Limitations & Future Work¶
- Each sample contains only one error, whereas real-world reasoning failures often involve cascading or multiple co-occurring errors.
- The current version contains only erroneous reasoning chains; the EPD task therefore cannot measure false-positive rates on correct reasoning chains (i.e., the tendency to over-report errors).
- Initial erroneous reasoning chains are generated by GPT-5, which may introduce biases specific to that model's error patterns or linguistic style.
- Future work may extend the benchmark to open-ended generation evaluation (beyond the multiple-choice format) and to multi-error cascading scenarios.
Related Work & Insights¶
- vs. ProcessBench / PRISM-Bench: These benchmarks localize erroneous steps but do not classify error types; MMErroR requires models to diagnose the root cause of errors.

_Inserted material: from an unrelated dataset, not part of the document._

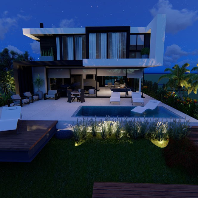 Paisagismo elegante e luxuoso para um residência na praia. Plantas resistentes as condições do local valorizam ainda mais o imóvel.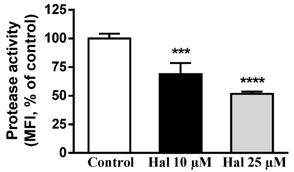 The above-mentioned mentioned results encouraged us to study whether treatment with haloperidol affected the lysosomal protease activities. To perform this study we used DQ™ BSA (DQ-BSA), a BODIPY® FL-labeled albumin derivative that initially does not fluoresce. After binding to the Fc receptor, the complex is internalized and after hydrolysis of the protein emits fluorescence [24]. For this study we used THP-1 cells differentiated to macrophages, because HepG2 cells do not express Fc receptors. THP-1 macrophages maintained in lipoprotein-deficient serum (LPDS) medium with LDL were kept untreated (control) or treated with haloperidol (10 and 25 µM), then the cells were exposed to DQ-BSA and finally cells were analyzed by a FACScan-Flow cytometry system. As shown in Figure 3, treatment with haloperidol dose-dependently decreased the appearance of DQ-BSA-fluorescence, indicating that lysosomal protease activity was reduced.

- vs. ErrorRadar: ErrorRadar focuses on error localization but lacks multi-domain coverage and a systematic error taxonomy.
- vs. POPE / HallusionBench: These hallucination benchmarks primarily target visual perception errors; MMErroR additionally covers higher-order failure modes such as knowledge application, question comprehension, and logical reasoning.
- vs. MMMU / MathVista: These benchmarks employ outcome-oriented evaluation; MMErroR shifts to process-level diagnostic evaluation, providing a complementary assessment perspective.
Rating¶
- Novelty: ⭐⭐⭐⭐ — First systematic evaluation of VLMs' erroneous reasoning diagnosis capability; the error taxonomy is well-motivated.
- Experimental Thoroughness: ⭐⭐⭐⭐⭐ — 12 models, 6 domains, dual evaluation modes, supplemented by reasoning consistency analysis, multimodal alignment analysis, and error-perception ablations.
- Writing Quality: ⭐⭐⭐⭐ — Clear structure, rigorous experimental design, and transparent quality control procedures.
- Value: ⭐⭐⭐⭐ — Provides an important benchmark and insights for understanding and improving VLMs' introspective capability.